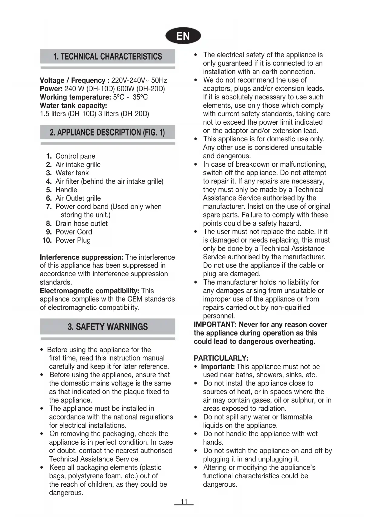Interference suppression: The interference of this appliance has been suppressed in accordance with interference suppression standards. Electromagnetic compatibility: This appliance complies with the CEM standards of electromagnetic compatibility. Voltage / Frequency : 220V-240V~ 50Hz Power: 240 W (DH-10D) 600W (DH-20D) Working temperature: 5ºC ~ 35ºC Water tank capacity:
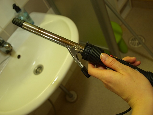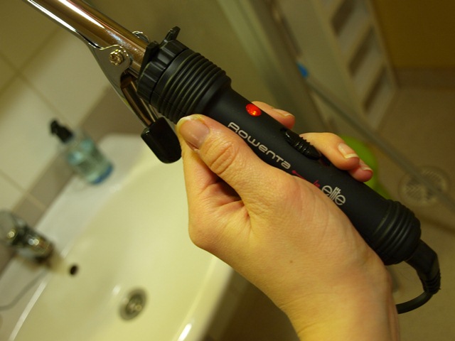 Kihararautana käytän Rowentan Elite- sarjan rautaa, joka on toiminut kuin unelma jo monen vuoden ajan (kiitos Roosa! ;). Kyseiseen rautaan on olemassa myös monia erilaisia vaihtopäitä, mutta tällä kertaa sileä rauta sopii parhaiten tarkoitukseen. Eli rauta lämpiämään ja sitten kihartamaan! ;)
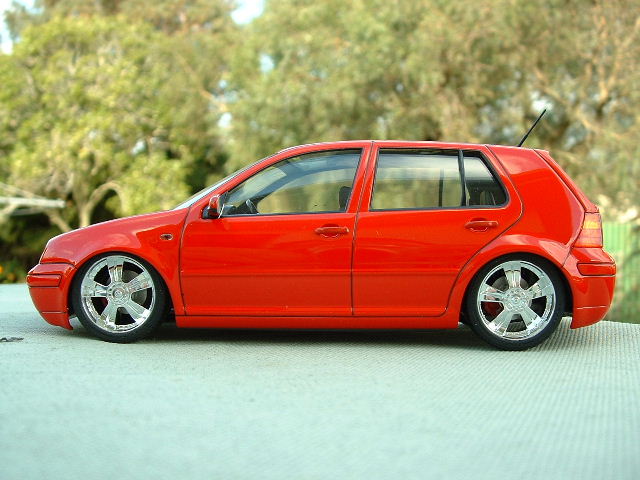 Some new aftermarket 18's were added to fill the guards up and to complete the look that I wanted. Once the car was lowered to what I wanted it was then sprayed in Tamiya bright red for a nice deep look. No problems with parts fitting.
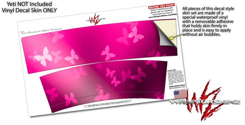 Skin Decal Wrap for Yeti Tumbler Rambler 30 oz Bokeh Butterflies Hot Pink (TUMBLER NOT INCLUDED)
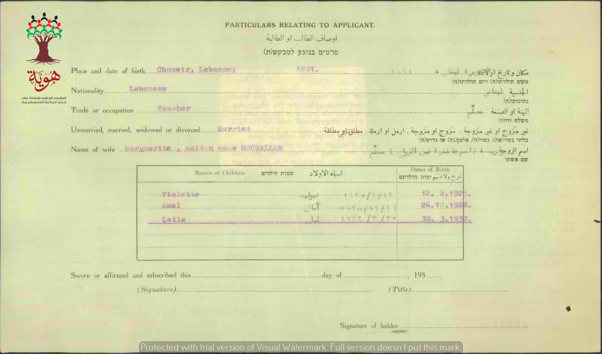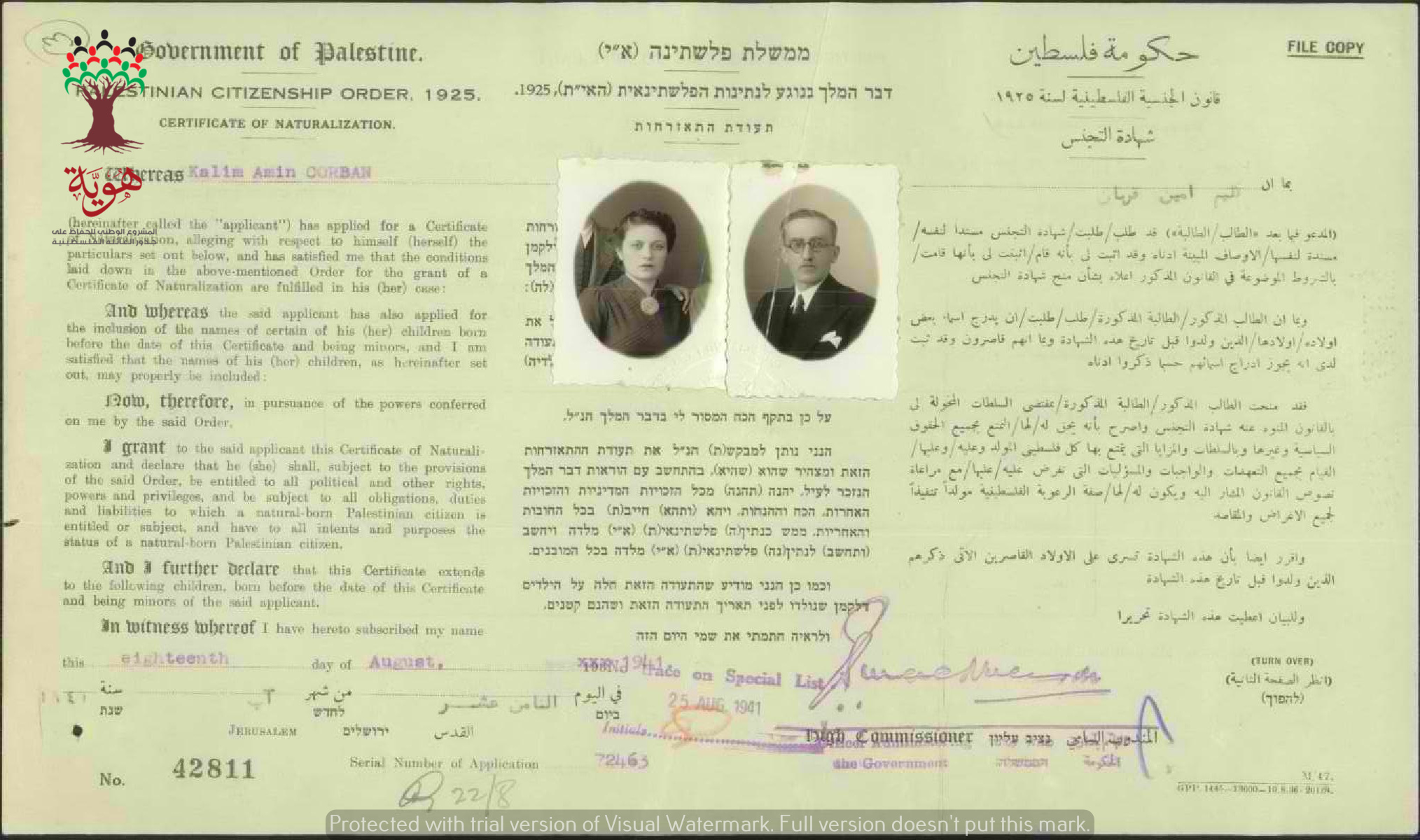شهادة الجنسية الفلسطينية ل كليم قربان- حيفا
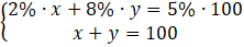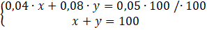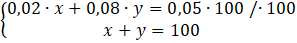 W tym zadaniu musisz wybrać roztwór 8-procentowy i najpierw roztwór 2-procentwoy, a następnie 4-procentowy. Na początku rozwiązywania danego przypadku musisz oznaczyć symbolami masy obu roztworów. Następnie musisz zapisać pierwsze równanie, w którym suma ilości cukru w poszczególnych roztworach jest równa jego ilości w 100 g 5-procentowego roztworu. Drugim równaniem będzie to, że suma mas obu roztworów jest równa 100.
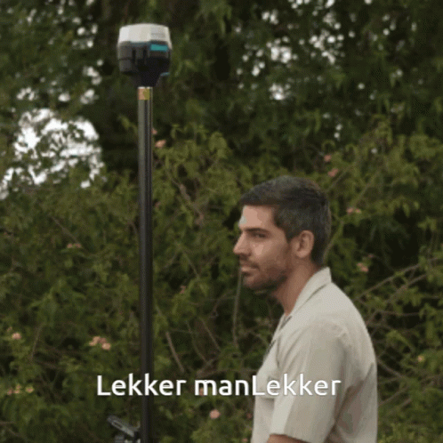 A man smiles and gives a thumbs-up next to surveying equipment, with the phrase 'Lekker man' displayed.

**What to do:** Only the lines from the beginning of the records up to and including the line with "Some new aftermarket" should appear, exactly as they are, and no pictures.

**Task solution:**
Interference suppression: The interference of this appliance has been suppressed in accordance with interference suppression standards. Electromagnetic compatibility: This appliance complies with the CEM standards of electromagnetic compatibility. Voltage / Frequency : 220V-240V~ 50Hz Power: 240 W (DH-10D) 600W (DH-20D) Working temperature: 5ºC ~ 35ºC Water tank capacity:
 Kihararautana käytän Rowentan Elite- sarjan rautaa, joka on toiminut kuin unelma jo monen vuoden ajan (kiitos Roosa! ;). Kyseiseen rautaan on olemassa myös monia erilaisia vaihtopäitä, mutta tällä kertaa sileä rauta sopii parhaiten tarkoitukseen. Eli rauta lämpiämään ja sitten kihartamaan! ;)
 Some new aftermarket 18's were added to fill the guards up and to complete the look that I wanted. Once the car was lowered to what I wanted it was then sprayed in Tamiya bright red for a nice deep look. No problems with parts fitting.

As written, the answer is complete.